Kirk Vanderbeek

Fiction

Kirk Vanderbeek is a writer of fiction, screenplays, and comics. His work has appeared or is forthcoming in Falling Star Magazine, Havok, Quagmire Magazine and more. He currently lives in Michigan with his wonderful wife and son. Find him on Twitter @KirkVanderbeek or tucked away in a local library—hunched over his laptop, pecking away at his current project.

 

The Scrape

Cold air blows through the vents and I shiver in the backseat, icy belt buckle pressed against my hip. My breath hangs in the air. The neon nylon of my puffy coat makes a pleasing sound as I rub my sleeves against my sides. The car warms slowly, cold air turning cool as heat is drawn from the rumbling engine. I feel like an astronaut, alone, shivering in the cold expanse of space—each of the windows surrounding me opaque with a thick layer of ice. Something scrapes against the windshield and a stripe of the outside world reveals itself. Another scrape, another stripe of visibility that reveals snow-covered trees, a collapsed section of wooden fence, a flash of maroon parka. Not the void of space out there, just my driveway. My dad. Another scrape reveals part of his face. Droplets frozen in his facial hair. Condensation gathering on the oversized lenses of his glasses. When he’s finished scraping three-quarters of the windshield, he makes his way to the windows. By the time he reaches mine, the car has begun to warm up. I unzip my jacket as a diagonal ribbon scratches its way across the ice of my window to reveal my dad’s face—his head tipped to the side, eyes crossed, tongue poking out of his mouth. He pulls an effortless smile from me, and I laugh and

suddenly I’m on the other side of the glass

and my son’s eyes are looking up at me. Expectation written on his face, waiting for a cue. I tip my head to the side. Cross my eyes. Grimace with my lips pulled back from my teeth. It pulls a smile from him. A giggle. He returns a face of his own—eyes wide, mouth snarling, tendons of his thin neck pulled taut. I smirk. My dad always made this look easy. Or at least it seemed that way to me. Maybe my struggles seem easy to my son. I hope they do. I don’t want him to know how hard it can be for me to pull my mouth into an expression of joy. How difficult it is to keep the ice at bay. How quickly it encroaches. How gray the sky can grow, how low it often hangs above my head. How tightly I have to squeeze my hands to stop the scraper slipping from my grip. I scrape—stripe after stripe after stripe—trying to keep the view as clear as I can for him. A smile on my face so he knows that the cold I feel has nothing, absolutely nothing, to do with him. Because it doesn’t. It doesn’t. He can’t control the weather. But then, neither can I. For a moment, the sun peeks through the cloud cover and its warmth pulls the corners of my mouth up and into an honest grin. Then the clouds roll back in, and I fight to keep the smile on my face. My son unzips his jacket, comfortable in the slowly rising heat of the car. I continue to scrape until the motion itself brings with it a ghost of warmth, unsure anymore whether my frozen face is smiling or snarling or expressionless. I make my way to the rear windshield, and my son cranes his neck to watch my progress. So I cross my eyes, furrow my brow, try to stick my tongue up my own nose. He laughs, even as the frost starts to conceal him from sight again.

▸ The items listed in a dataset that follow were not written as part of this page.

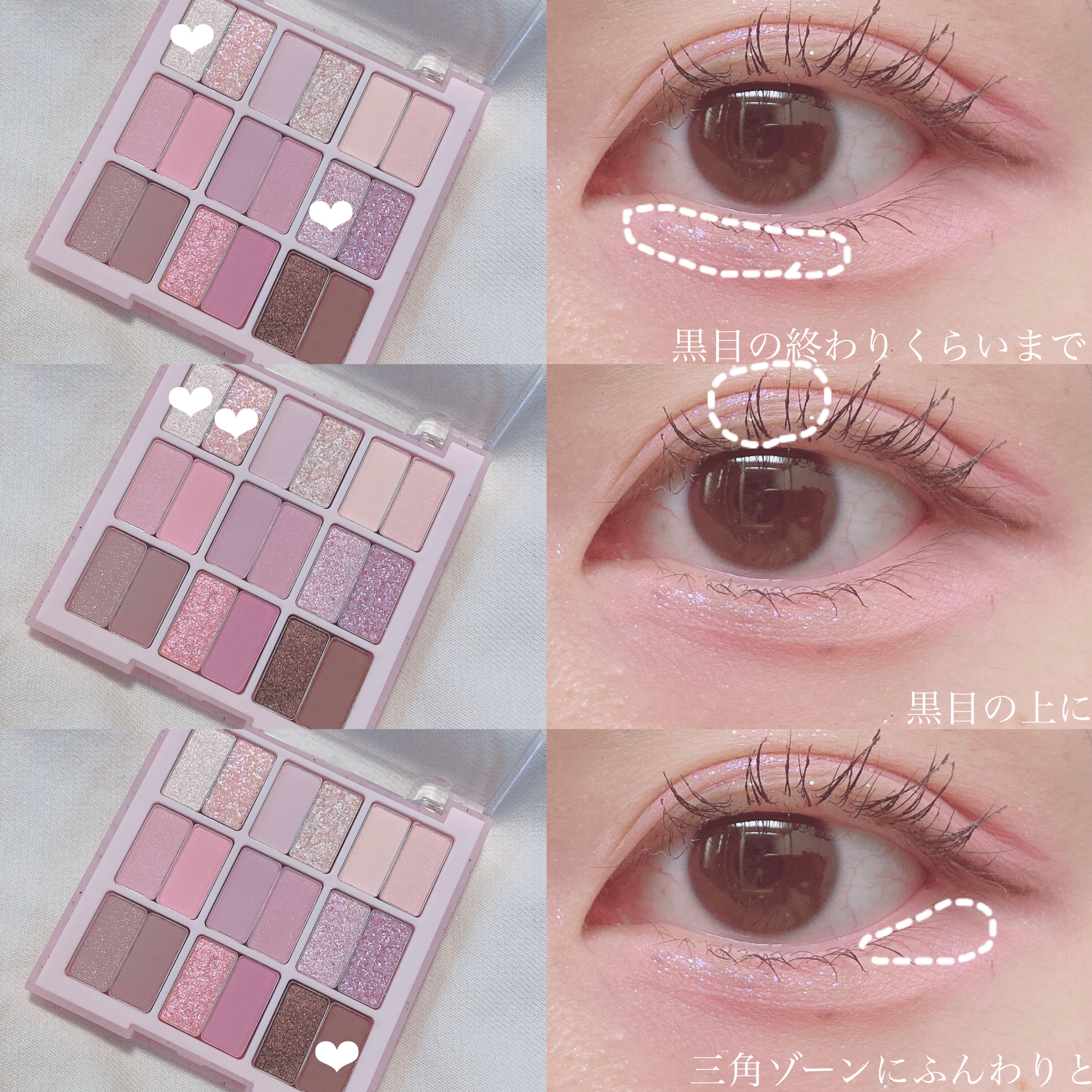 アイシャドウ👀・CLIOプロ アイ パレット01SIMPLY PINK グリッター✨・PERIPERAデュオ ポケット グリッター シャドウ03SALTED SUGARPLUM 涙袋のコンシーラー👧・キャンメイクカラーミキシングコンシーラーオレンジベージュ マスカラ💇♀️・rom&ndハンオールフィックスマスカラL02LONG ASH アイライン✏️・キャンメイククリーミータッチライナーダークブラウン・CEZANNE極細アイライナーEX20ブラウン
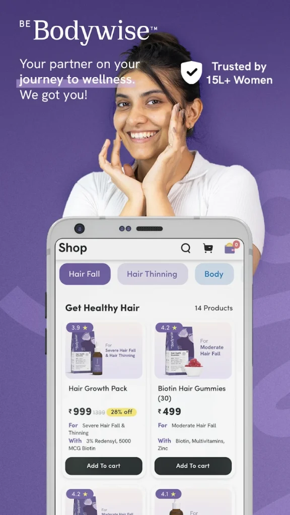 Be Bodywise is an integrated health and wellness platform designed specifically for women’s health and wellness needs. The app offers personalized solutions and professional guidance covering skincare, haircare, nutrition, menstrual and reproductive health, mental well-being, and fitness.
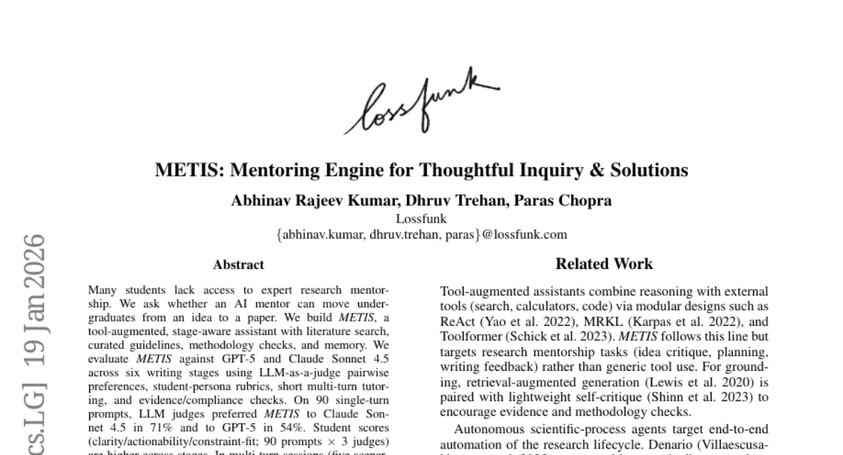 ๐Ÿ”‘ Keywords: AI mentor, Research writing, METIS, LLM judges, Stage-aware routing
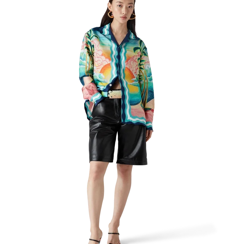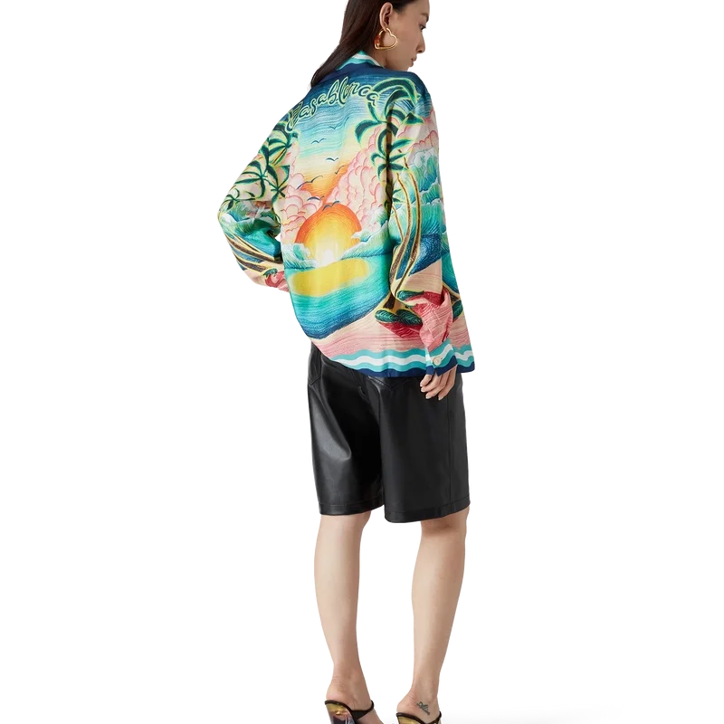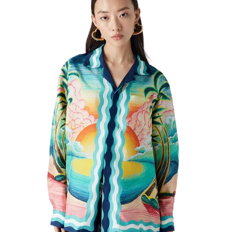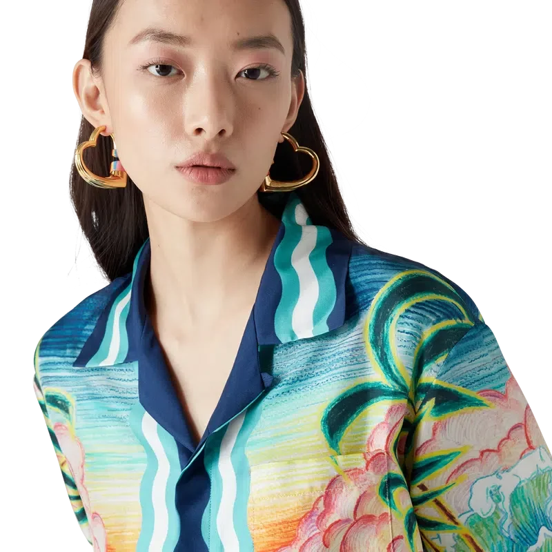 La camisa de seda Danse De La Mer es un diseño estampado integral de manga larga con escenas pintadas a mano creadas especialmente para la colección y confeccionada en tejido de seda. Se completa con cierre de botones, botones de corozo con el logotipo entrelazado de Cc, botones esmaltados con borde dorado característicos y detalles de rayas inspiradas en el diseño Memphis Wave en el dobladillo, los puños, el cuello y la tapeta.

Perhaps more than anything else I’ve written, ‘The Scrape’ obscures the line between memoir and fiction into something suitably blurry. And I think I like it that way. The first half is a mixture of some sensory input that’s still rattling around in my brain from my increasingly foggy youth, and the POV switch gives me a chance to meditate on some of the challenges inherent in parenting with depression.